Find Acceleration of Sled Pulled by Chuck with 50kg Mass

[Bdurb]

Chuck pulls his brother in a sled. Chucks brother and the sled have a combined mass of 50kg. On a flat surface, chuck pulls with 120 N 30 degrees above the horizontal. The coefficient of friction btwn the sled and the snow is .08. Find the acceleration of the sled.
i drew my FBD

but I am not sure if assumed wrong for the Fn or the normal force. Any help is greatly appreciated.

 

[thrill3rnit3]

Normal forces always acts perpendicular to the surface.

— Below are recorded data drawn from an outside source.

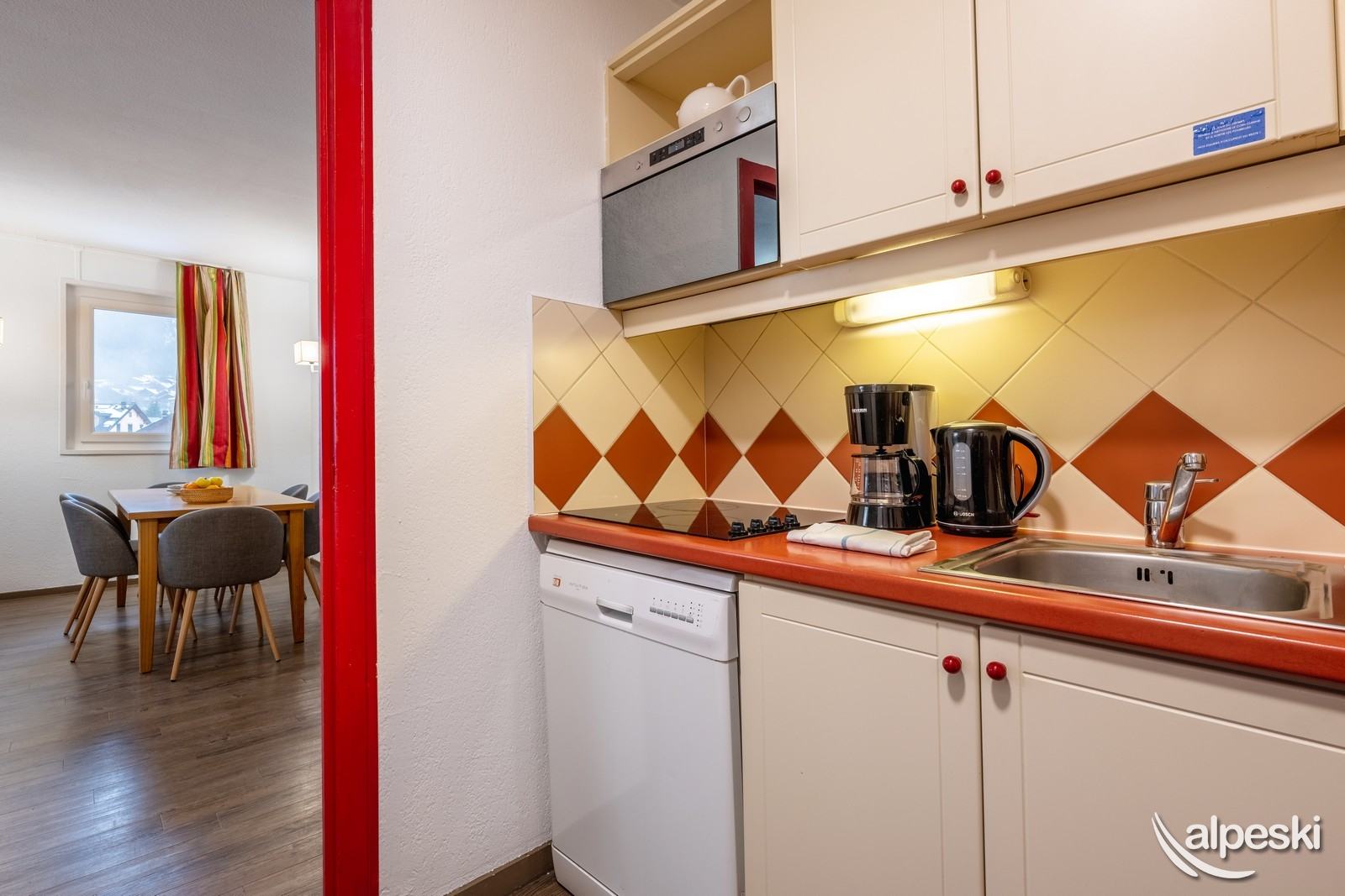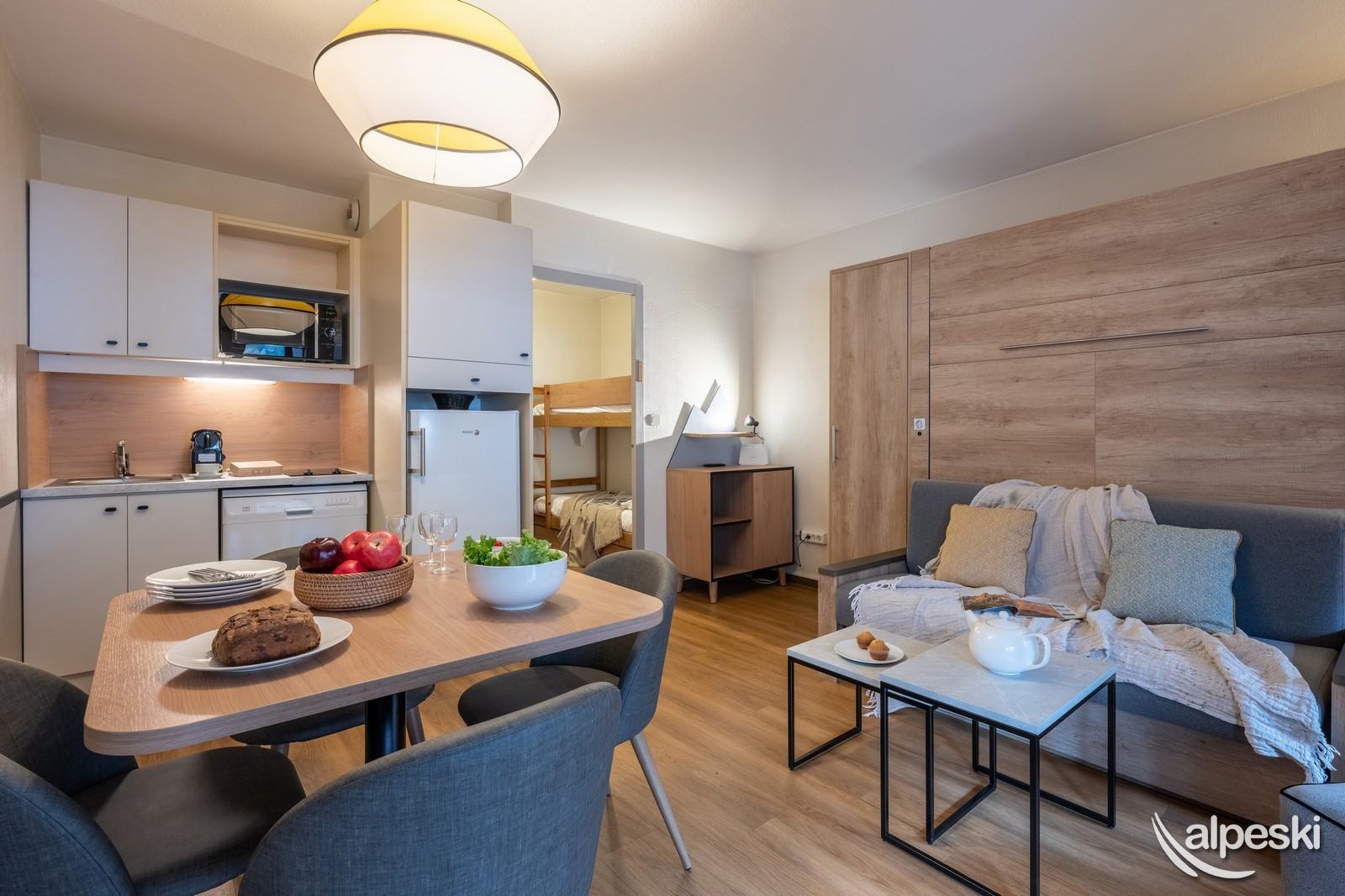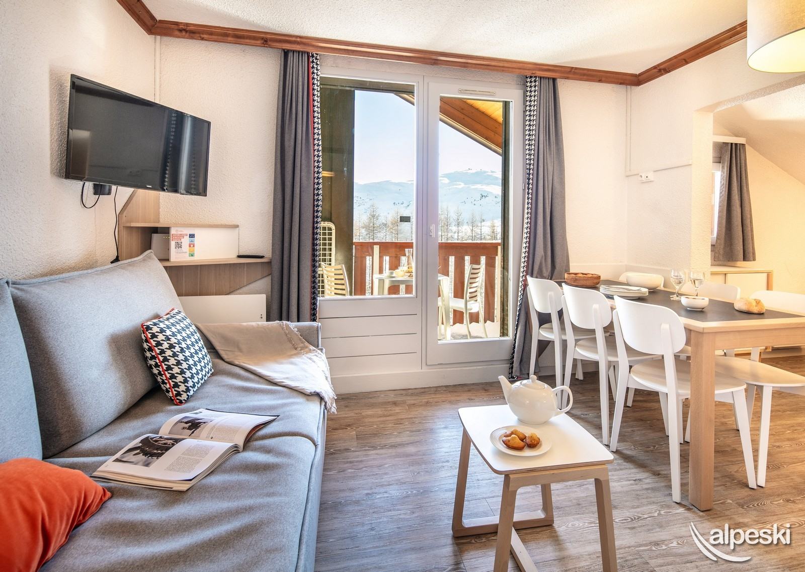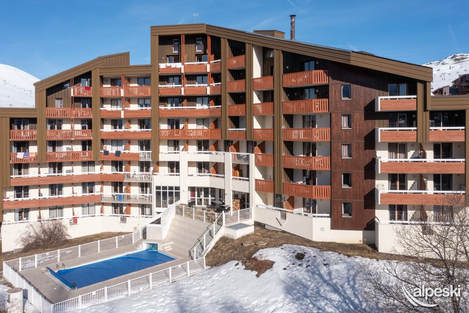 Se trata de una residencia de gran confort, con vistas a las pistas y la estación o al valle y al Macizo de “Ecrins” (sur), que alberga 133 apartamentos de diferentes capacidades a los que se accede mediante 3 ascensores.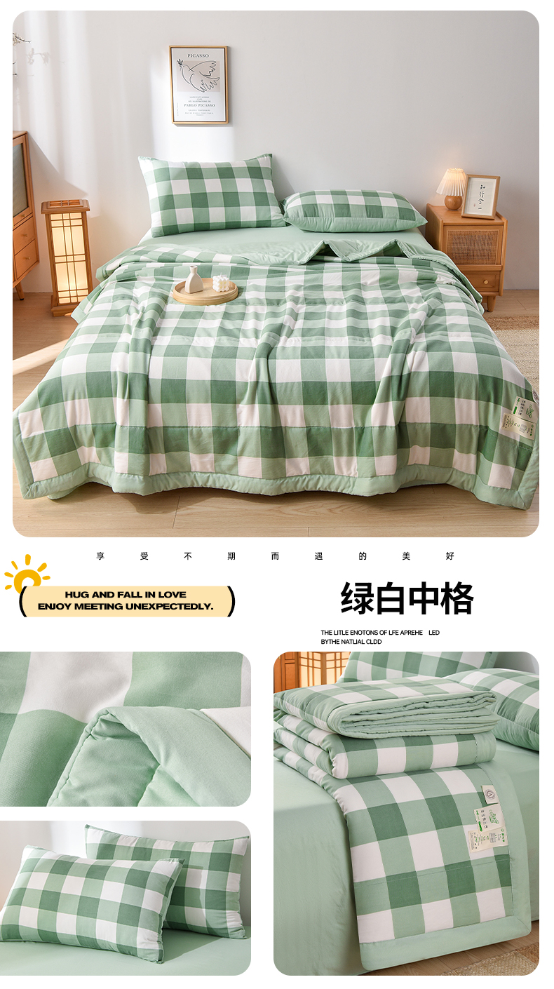 玉清坊 2025新款色织水洗棉新疆棉花夏被【支持一件代发】 绿白中格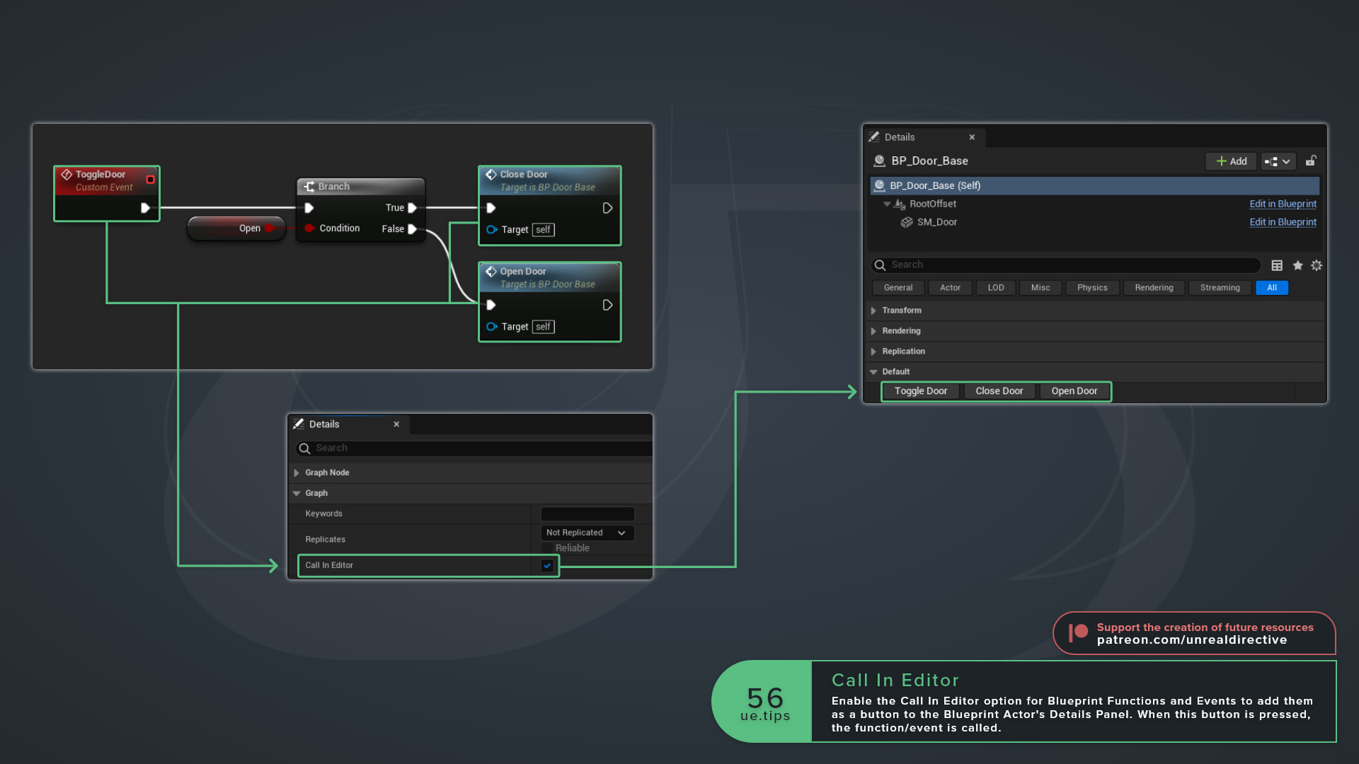 Enable the Call In Editor option for Blueprint Functions and Events to add them as a button to the Blueprint Actor's Details Panel. When this button is pressed, the function/event is called.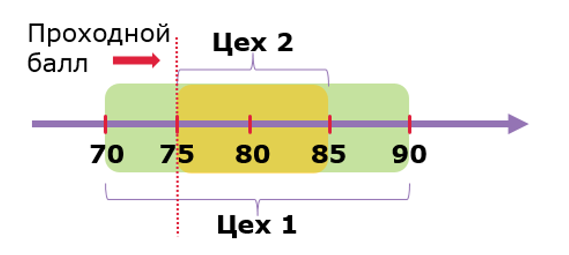 Предположим, у нас есть проходной балл аттестации – 75. Давайте посмотрим, в каком цехе больше рабочих, набравших проходной балл и прошедших аттестацию?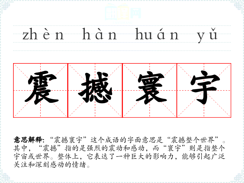 “震撼寰宇”这个成语的字面意思是“震撼整个世界”。其中,“震撼”指的是强烈的震动和感动,而“寰宇”则是指整个宇宙或世界。整体上,它表达了一种巨大的影响力,能够引起广泛关注和深刻感动的情绪。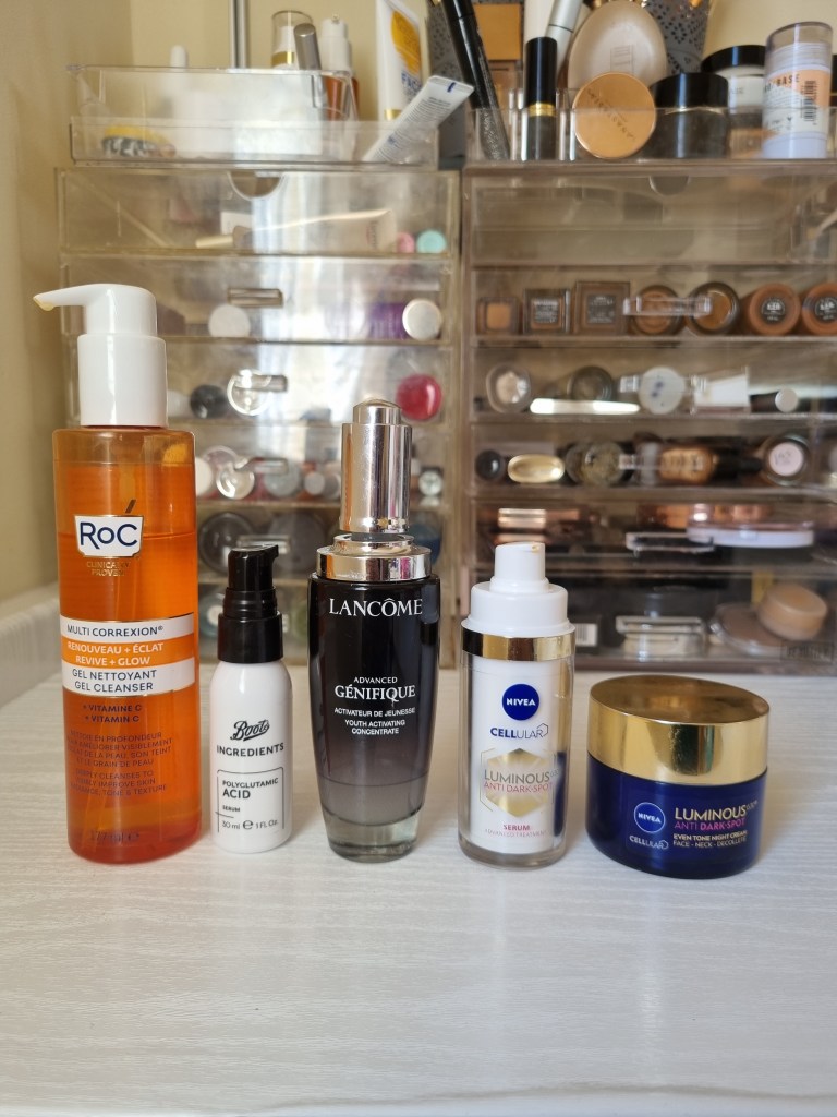I start with cleansing with – Roc Skincare Vitamin c cleanser (gifted) (I do a double cleanse if I’m wearing a lot of sunscreen/makeup) then its layering my serums. I’ve started using the Boots Polyglutamic serum which I am really loving so far and pleasantly surprised with. Then it’s my trusted Lancôme Advanced Genifique serum then the Nivea Luminous 630 Anti Dark Spot Serum, I have listed these in order of application. I finish off with Nivea Luminous 630 Anti Dark Even Tone Night cream. My skin has been feeling a little dry lately so I have been using the Clinique 72hr Moisture surge OR Sleep mask right before I sleep for extra hydration. I also intermittently use the Estee Lauder ANR Ampoules which I absolutely adore.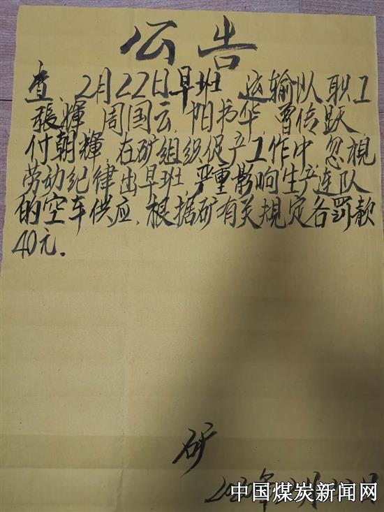 【本网讯】2月22日8:00分,湖南省湘煤集团冷水江市金竹山矿业公司一平硐矿调度室门口公告栏赫然贴着新年第一张黄色的罚款公告,格外引人注目。原来22日早班,运输队职工忽视劳动纪律,提前出了早班,结果导致生产连队空车紧缺,严重影响了全矿原煤产量,被各罚40元。 在加大劳动纪律处罚力度的同时,2月22日至24日,一平硐矿为了鼓舞员工士气,使矿井原煤生产迅速步入正轨,开展了为期三天“战疫情、夺高产”的劳动竞赛。 22日全线飘红,102队计划35吨,4点班完成42吨,超计划7吨,为计划的120%;0点班完成38吨,为计划的109%;104队计划35吨,8点班完成38吨,为计划的109%。共三个班组夺得竞赛奖金。 ![]() “李排长,四点多钟了,溜子别移了,不然我们又要出迟班了”“这怎么行,我们把煤采完了,该我们移的我们就应该移,不然影响下班生产!”“是啊,如果不移,肯定会影响下班生产,做事不能自私,要顾全大局!”。今天排长李伟、刘利星率领全排采了20个顶,出煤42吨,实属不易。该工作面最矮处只有200-300mm,最高也只不过1000mm,平均只有500-600mm,员工只能蹲着采煤,一整天下来大家都腰酸腿疼,都盼着早点下班的心情可以理解,但大家秉承煤矿工人特别能吃苦、特别能战斗的精神,一直做到凌晨一点半,坚持把溜子移好才出班。 战“疫”时刻奖罚分明,充分激励员工在生产中积极性,是一平硐矿力促复工复产的重要“法宝”。现在该矿已恢复三班运转,省内员工已全部返矿,员工出勤率达到90%,原煤生产也回升至春节前水平。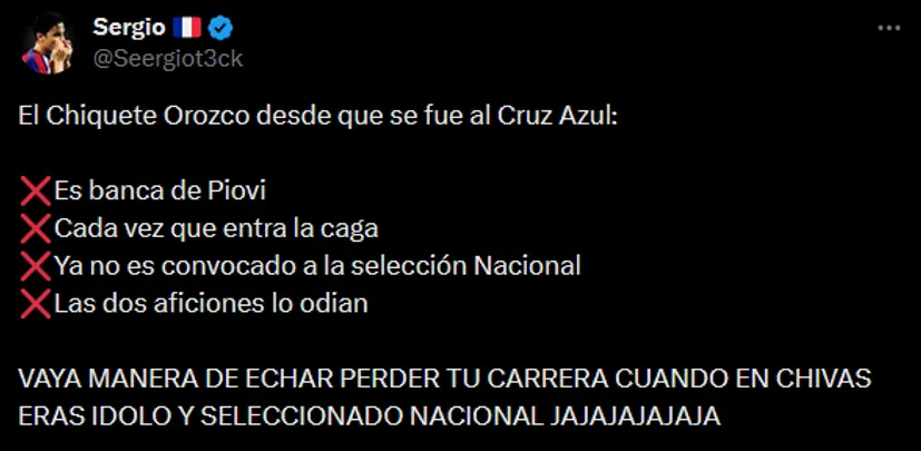 Ante esto los fanáticos de Chivas de Guadalajara no se la dejaron pasar, sin ánimos de perder tiempo para burlarse de Chiquete. Es que su salida del Rebaño Sagrado estuvo envuelta en polémica, ya que el zaguero de 22 años hizo la suficiente fuerza para que la directiva de Amaury Vergara acepte venderlo.
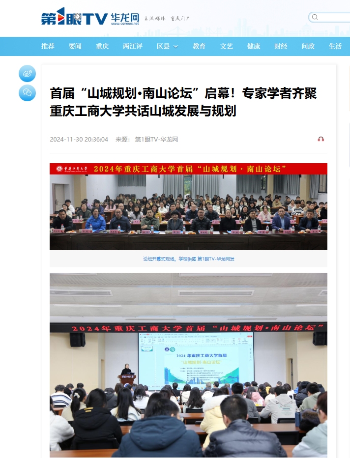 华龙网第1眼TV以《首届“山城规划·南山论坛”启幕!专家学者齐聚JINNIAN金年会共话山城发展与规划》为题,进行报道。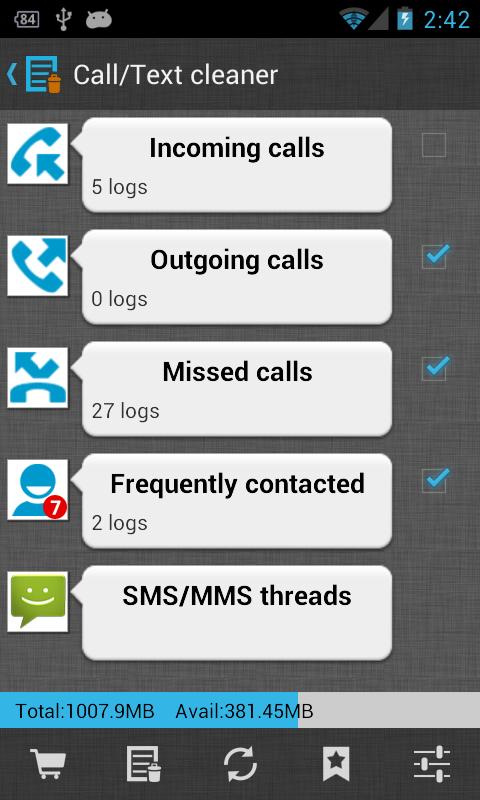 There are four cleaners included in this app. Cache Cleaner, History Cleaner and Call/Text log Cleaner help you to get more free space for the internal phone storage by clearing apps cached files, data files, or search/navigation history records. If you have selected to launch apps by default for some actions. Default Cleaner helps you to clear the default settings.

And that 500 should be a 50, based from your question.

 

[Redbelly98]

Chuck pulls his brother in a sled. Chucks brother and the sled have a combined mass of 50kg. On a flat surface, chuck pulls with 120 N 30 degrees above the horizontal. The coefficient of friction btwn the sled and the snow is .08. Find the acceleration of the sled.

i drew my FBD
http://i746.photobucket.com/albums/xx109/SubyFTW/DSC01211.jpg

but I am not sure if assumed wrong for the Fn or the normal force. Any help is greatly appreciated.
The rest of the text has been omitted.